The bus stopped and they exited. It was raining. The bus with the old woman's casket drove off to unload the casket at the back entrance, at the door reserved for the dead and the staff. Before leaving, the driver had said that they would soon see the old woman and would be able to pay their respects.

"Go over there," the driver pointed to the main entrance and the rather ugly industrial doors. The passengers of the bus of the dead, they headed for the doors. Along the way, in an open space in front of the crematorium paved with slabs, they were joined by the passengers of the Chevrolet. One of the women, the one with swollen feet, was leaning on a stick. His bodyguards helped her to the industrial doors of the crematorium, just as they had helped her down the steps of the bus.

Once they entered, they found themselves in a kind of vestibule or foyer, bare and unadorned except for signs such as, "Wait Here to Be Invited to the Hall of Last Respects," "You Will Be Called" and several others written in the same stern spirit of discipline and order.

They stood there like parentheses around a subordinate clause, on one side the colonel, the connected man and the old woman's son and on the other his bodyguards and the women. The woman with swollen feet said that she liked cremation and wished to be cremated herself. She even had money set aside for it. Her relatives would be close by and would come to visit her and it would not cost much. Aunt Valya was also leaning toward cremation. They spoke in an everyday tone of voice and even smiled when they felt it was appropriate. The youngest woman, the nurse who had found his mother dead, had left them for a while and had driven away with the driver.

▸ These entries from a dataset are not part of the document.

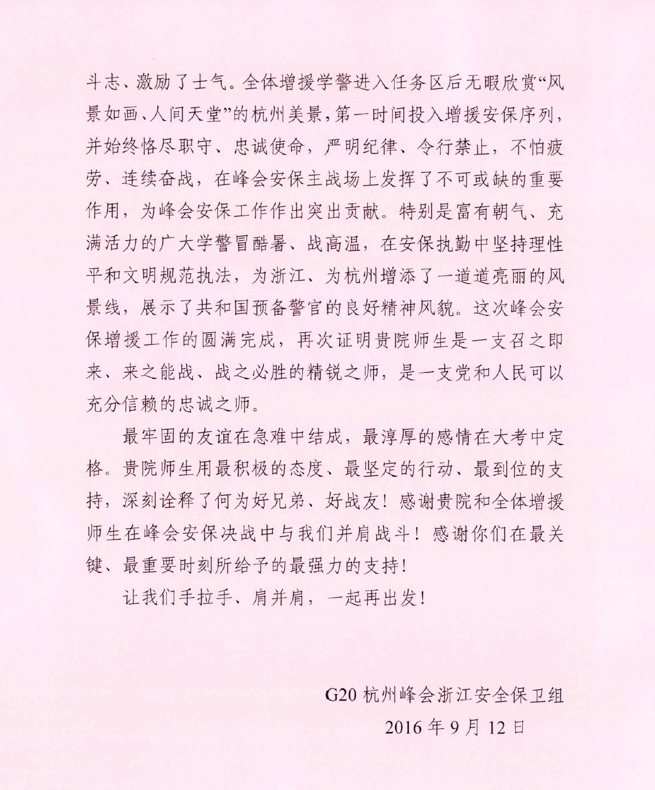 感谢信中说,在峰会筹备和举办的过程中,贵校以大局为重、大公无私,积极伸出援助之手,派出3000余名学警,带队领导干部不辞劳苦、扎根一线、精细管理,广大增援警力服从命令、听从指挥、尽职尽责,战斗在峰会安保的主战场、维护未定的第一线、服务群众的最前沿,为峰会成功举办立下了汗马功劳。G20峰会虽已落幕, 但峰会安保纽带形成的情谊必将永存,期盼与贵校继续巩固和发展血浓于水的战友情谊,深化协作,携手共进,共创美好未来。
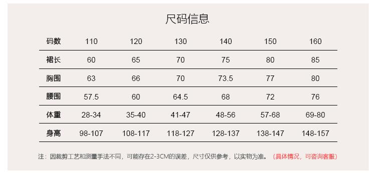 110cm, 120cm, 130cm, 140cm, 150cm, 160cm
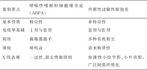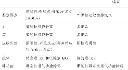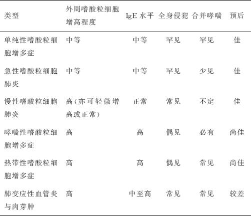 释义 | 嗜酸粒细胞性肺部疾病 一、概述 肺嗜酸粒细胞增多症(pulmonary eosinophilia,PE)又称嗜酸粒细胞综合征和嗜酸粒细胞肺浸润,指不同病因引起的肺部嗜酸粒细胞浸润,伴(或不伴)有周围血和痰嗜酸粒细胞增多的一组疾病。临床上主要分为单纯性肺嗜酸粒细胞浸润症、急性嗜酸粒细胞肺炎、迁延性肺嗜酸粒细胞浸润症(慢性嗜酸粒细胞性肺炎)、哮喘性嗜酸粒细胞增多症、热带性嗜酸粒细胞增多症、肺变应性血管炎与肉芽肿等类型;各型常交叉重叠,临床上不易截然划分。 二、流行病学 本组疾病并不少见。对各类型疾病的发病率、年龄分布、发病的季节性和区域性的研究,各家结果也不尽相同。 1.发病率 本组疾病中,慢性嗜酸粒细胞肺炎少见。至20世纪90年代,国外报道约百余例;在国内,北京协和医院在1990年报道1例经纤维支气管镜肺活检确诊的CEP。哮喘型肺嗜酸粒细胞增多症在世界各地均有发生,北京协和医院近年报道的有完整资料记载者有30余例。 2.年龄分布 肺嗜酸粒细胞增多症可以发生在各个年龄段。流行病学调查显示,急性嗜酸粒细胞肺炎好发于年轻男性,30岁以下者占多数;慢性嗜酸粒细胞性肺炎多发生于30~40岁年龄阶段,男女之比为1∶2;1/3~1/2的患者有过敏史(变应性鼻炎或鼻息肉),2/3以上患者发病前数月有支气管哮喘发作或伴有其他呼吸系统症状;哮喘性嗜酸粒细胞增多症40~60岁起病,女性多见;肺变应性血管炎与肉芽肿,发病年龄多为20~40岁,男性多于女性。 3.发病情况 本组疾病以单纯性肺嗜酸粒细胞浸润症症状轻,病程呈自限性,常可自行痊愈;以肺变应性血管炎与肉芽肿病情较重,预后差。尸检证实因充血性心力衰竭及心肌梗死病死率达48%;由肾衰竭或神经系统疾病病死率为18%;因消化道出血及穿孔、哮喘持续状态及呼吸衰竭致死约各占10%。 4.发病的季节性和区域性 Nishino等人在报道中强调,急性嗜酸粒细胞肺炎发病的季节为春季至晚夏;热带性嗜酸粒细胞增多症,多分布于热带和亚热带,发病与丝虫感染和过敏密切相关。 三、病因 1.单纯性肺嗜酸粒细胞增多症 主要病因为寄生虫感染和药物反应引起的肺部一过性变态反应。寄生虫中以蛔虫感染最为常见,还可见绦虫、钩虫、旋毛虫、阿米巴原虫、日本血吸虫、丝虫和华支睾吸虫等感染;药物包括对氨水杨酸、阿司匹林、青霉素、各种磺胺制剂、呋喃妥因、甲氨蝶呤、博来霉素、异烟肼、链霉素、噻嗪类利尿剂、金制剂、硫唑嘌呤、氯磺丙脲、哌醋酯和美呈明等;有时吸入花粉、真菌孢子,接触铍、镍也能发病。 2.急性嗜酸粒细胞肺炎 病因尚不明确,可能与其他嗜酸粒细胞肺浸润(PIE)相似,是由于吸入或接触某种抗原所致的变态反应,抗原包括寄生虫、霉菌和各种病毒的感染;也可能和吸入或服用某些毒物或药物有关,例如海洛因、戊烷咪、对乙酰氨基酚、呋喃妥因等。 3.慢性嗜酸粒细胞肺炎 病因不清,认为与曲霉感染和结缔组织病有关。 4.哮喘性嗜酸粒细胞增多症 多因曲霉引起;此外,青霉属、念珠菌属、毛霉菌属、药物和镍烟雾亦可引起本病。 5.热带性嗜酸粒细胞增多症 发病与丝虫感染引起的变态反应有关。 6.肺变应性血管炎与肉芽肿 病因尚未明确,目前多认为是自身免疫性疾病,亦可能与病毒感染有关,而遗传、家族史和寄生虫感染致病的证据不足。 四、发病机制 本组疾病与异常的免疫反应有关。 1.单纯性嗜酸粒细胞增多症 本病与Ⅰ型变态反应有关,而Ⅲ型变态反应也可参与。 2.急性嗜酸粒细胞肺炎 与单纯性酸粒细胞增多症发病机制相似。 3.慢性嗜酸粒细胞肺炎 发病可能与Ⅲ型、Ⅳ型变态反应协同作用有关,也可由Ⅱ型变态反应所致。 4.哮喘性嗜酸粒细胞增多症 与IgE和沉淀素介导的Ⅰ型和Ⅲ型变态反应有关。患者血清IgE含量高达1000~20 000U/ml。其免疫反应特点是增强的多克隆抗体反应,表现为在免疫球蛋白介导下,IL-4、IL-5、IL-6等细胞因子释放氧自由基和花生四烯酸代谢产物等,淋巴细胞致敏,补体活化,最后引起组织损伤。 5.热带性嗜酸粒细胞增多症 患者血清中存在抗丝虫抗体;血清补体结合实验呈强阳性反应,抗丝虫治疗后效价降低。本病与Ⅰ型、Ⅲ型变态反应有关,亦可能与Ⅳ型变态反应协同作用有关。 6.肺变应性血管炎与肉芽肿 主要由Ⅲ型、Ⅳ型变态反应引起。 五、分类 本组疾病的病因仍未完全明了,因此根据临床特点将本病分为下列5种类型(表5-3)。各类型间分界有时不甚明确,在病程中甚至有相互转化的可能。 表5-3 嗜酸粒细胞性肺部疾病分类 六、检查 1.胸部X线检查 是诊断和鉴别本组疾病类型的关键检查项目之一。 (1)单纯性嗜酸粒细胞增多症:表现为单侧或两肺周边可见边缘模糊、大小不等较淡的斑片状阴影,呈短暂游走性,多在1~2周内消失,而又可在其他部位出现,以下肺野分布多见。 (2)急性嗜酸粒细胞肺炎:胸部X线表现为肺野弥漫性薄雾状阴影;并可出现两侧或单侧少量胸腔积液,以双侧多见;也可出现慢性嗜酸粒细胞肺炎样的肺外周斑片状阴影。40%~50%的患者可见KerleyB线和A线,纵隔淋巴结肿大,但心影多正常。胸部CT检查表现为弥漫性毛玻璃状、片状或网状阴影、小叶间隔肥厚及胸腔积液,但小叶间隔肥厚在过敏性肺炎和急性间质性肺炎上往往不存在,这点有助于鉴别。 (3)慢性嗜酸粒细胞肺炎:呈非肺段性边缘不清的肺浸润影,多见于肺外周,以中上肺野之
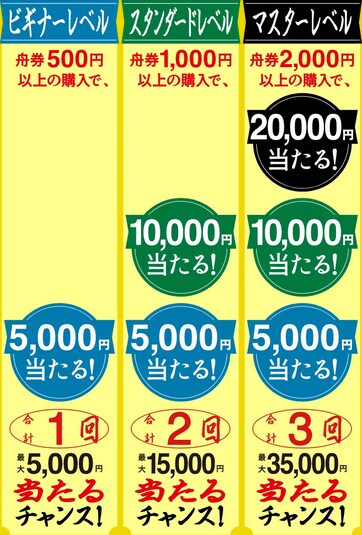 期間中に2,000円以上の舟券を購入すればmasterレベルとなり、最大35,000円が当たるチャンス!
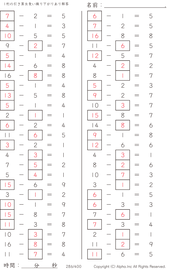 1桁の引き算2(繰り下がりあり) [解答]286/400
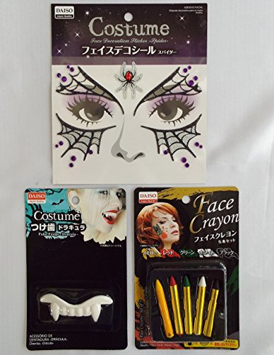-. Feature : Halloween Face Decoration Set. / Spider Face Sticker / Face Crayon Set of 5 : Yellow, Red, Green, White, Black / Dracula Fake Fangs
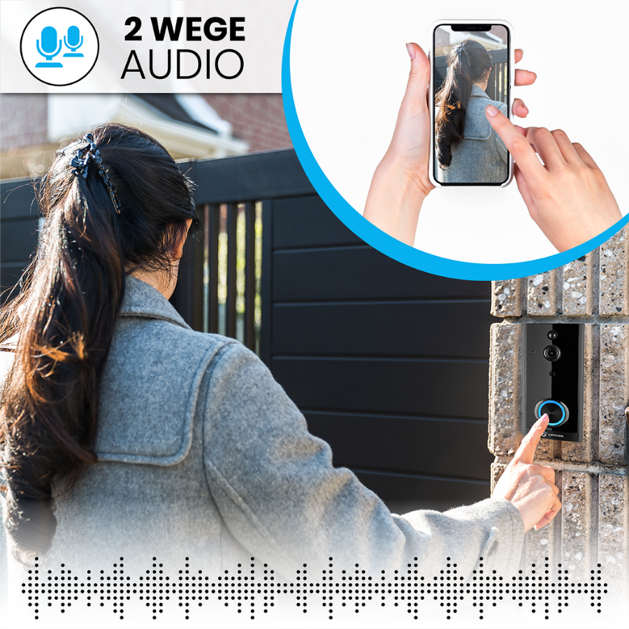Si vous êtes chez vous, vous pouvez voir qui sonne à la porte sur votre smartphone ou votre tablette depuis votre canapé. La sonnette WiFi offre également un haut niveau de protection contre les invités indésirables pour les enfants qui ne peuvent pas voir à travers la porte espion en raison de leur taille. S'il y a du mouvement devant votre porte d'entrée, vous pouvez vous faire envoyer un message push.

She had the death certificate. Now she returned, saying that, in the old lady's apartment, somewhere in a drawer, they would need to find documents confirming that the niche at the columbarium had been purchased for two. Otherwise the old woman's remains would not be placed together with the remains of her husband, and her photograph would not appear next to the photograph of the angry old man.

"We'll have to find it," she said to the old woman's son.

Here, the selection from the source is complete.